Curbing Negative Behaviors in Kids With Autism

Kids with autism can struggle communicating their needs and sometimes use tantrums or self-harm to do so. An expert from Spark Center for Autism offers advice on how to stop these behaviors.

What would you do if you found out that your child was self-harming? The thought of it would be alarming to any parent, but for parents whose kids have autism, it can be a little trickier to navigate.

That’s because kids with autism learn differently than neurotypical children and sometimes they can struggle with communicating their wants and needs to the adults around them, Reena Naami, the owner and director of Spark Center for Autism, explains.

And when they want or need something that they can’t convey, they will sometimes turn to negative behaviors to get it.

“When a child is lacking communication or language (skills), whether they are non-vocal or not, we see problem behaviors because that’s how they have learned to access what they want or need,” Naami says. “(And) like the disorder itself, the range of behavior can be on a spectrum. Self-injury, property destruction, non-compliance (and) tantrums can be common.”

Most often, Naami sees kids that use tantrums as a form of communication, and explains that these behaviors can be inadvertently reinforced if we give in or by not teaching the child a better way to communicate.

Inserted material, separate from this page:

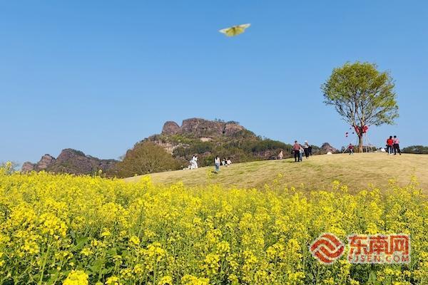 依托冠豸山世界地质公园、国家5A级景区金字招牌,当地在正山前打造连片油菜花田。春日里,金黄花海随风摇曳,与丹崖、碧水交织成绝美田园画卷,大批游客前来踏青、拍照、休闲,尽享春日惬意。游客邱女士表示,油菜花景美怡人,全家出游十分放松舒心。

“We talk about reinforcement with our parents a lot,” she says. “Telling (kids with autism) ‘no’ isn’t going to be enough. It’s not going to be an effective way to get them to communicate their needs in a more acceptable way.”

Instead, she suggests using positive reinforcement and praise when they are acting in a more positive way and modeling appropriate behaviors when they aren’t.

“We all kind of get into the habit of telling kids what not to do but by doing that we aren’t really giving them the tools on what to do instead,” she says. “It is usually more effective to tell them what to do, instead of what not to do. For example, let’s say your child is throwing toys or items inappropriately. Rather than saying “don’t throw,” it would be better to say, “you can play with it like this” and model the appropriate action. If you don’t teach them an alternative, you will often find that children will just replace the negative behavior with another negative behavior instead.

“Start with pretty simple things that are easy to do and teach them those alternatives. If it’s really difficult to do then chances are it’s not going to happen,” she adds.

That said, if the child is engaging in more dangerous self-harming behavior, Naami says that the parent should get the child in to see a professional, like those at Spark Center, who will do a formal analysis on the child to see what’s going on.

“It does depend on the child, but self-injury can be a form of communication,” she says. “Maybe they are trying to escape an adverse situation and are engaging in self-injury to get away from that. Sometimes there’s something going on that is painful and they’re using it to mask the other pain. A lot of times we really need to delve into what is happening, so I always recommend seeking help when those behaviors do occur.”